• [Exercise details] Exact reproduction of the listing is required. Pictures are not reproduced.

• [Data shown]
_____

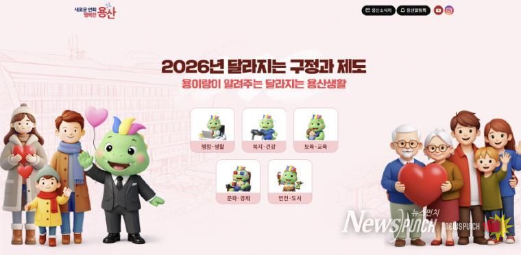 뉴스펀치 김완규 기자 | 서울 용산구가 2026년 새해를 맞아 구민의 일상에 직접적인 변화를 가져올 주요 정책과 제도를 정리한 ‘2026 달라지는 구정과 제도’를 2일 구 누리집에 공개했다.
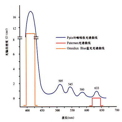光動力療儀可以輸出純度接近99%的窄譜藍光,非常接近青春痘內(nèi)源性卟啉的吸收光譜。高純度藍光幾乎全部能量有效作用于靶目標-青春痘丙酸桿菌(P.)上。應用光動力治療原理,青春痘丙酸桿菌(P.)內(nèi)源生成的光敏劑卟啉被415nm 的藍光激活(卟啉的主要成分為糞卟啉Ⅲ)產(chǎn)生光毒環(huán)境,轉(zhuǎn)換成的毒性單態(tài)氧迅速殺死青春痘丙酸桿菌,進而將皮膚上的青春痘清除。
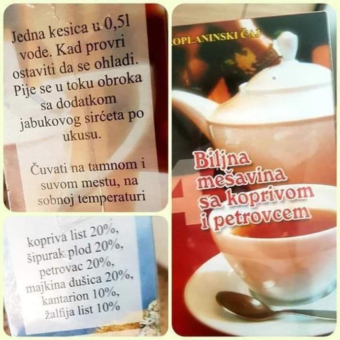 Stavljaju se 2 vrecice na 1l vode sa zlicom jabucnog octa ili limunovog soka.pije se tokom obroka ili pijucka preko cijelog dana.
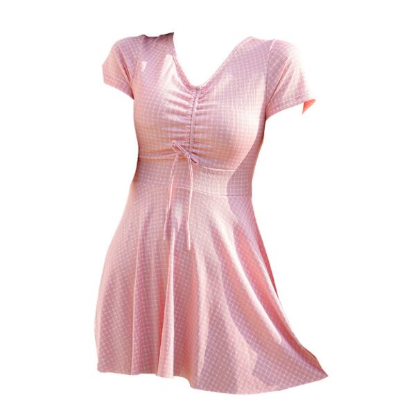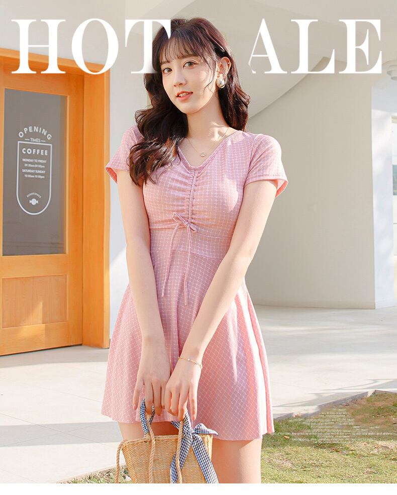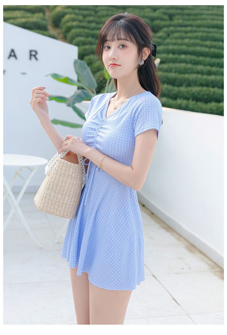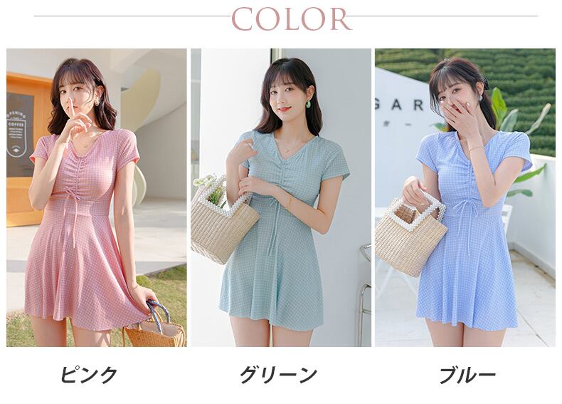 【海外からの取り寄せ】2021新作 レディース ワンピース水着 フレアスカート シャーリング パンツ付き 体型カバー 映え M-XL #[cv094_12800]【送料込み】【250712】

_____

• [Exercise response]
 뉴스펀치 김완규 기자 | 서울 용산구가 2026년 새해를 맞아 구민의 일상에 직접적인 변화를 가져올 주요 정책과 제도를 정리한 ‘2026 달라지는 구정과 제도’를 2일 구 누리집에 공개했다.
光動力療儀可以輸出純度接近99%的窄譜藍光,非常接近青春痘內(nèi)源性卟啉的吸收光譜。高純度藍光幾乎全部能量有效作用于靶目標-青春痘丙酸桿菌(P.)上。應用光動力治療原理,青春痘丙酸桿菌(P.)內(nèi)源生成的光敏劑卟啉被415nm 的藍光激活(卟啉的主要成分為糞卟啉Ⅲ)產(chǎn)生光毒環(huán)境,轉(zhuǎn)換成的毒性單態(tài)氧迅速殺死青春痘丙酸桿菌,進而將皮膚上的青春痘清除。
 Stavljaju se 2 vrecice na 1l vode sa zlicom jabucnog octa ili limunovog soka.pije se tokom obroka ili pijucka preko cijelog dana.
 【海外からの取り寄せ】2021新作 レディース ワンピース水着 フレアスカート シャーリング パンツ付き 体型カバー 映え M-XL #[cv094_12800]【送料込み】【250712】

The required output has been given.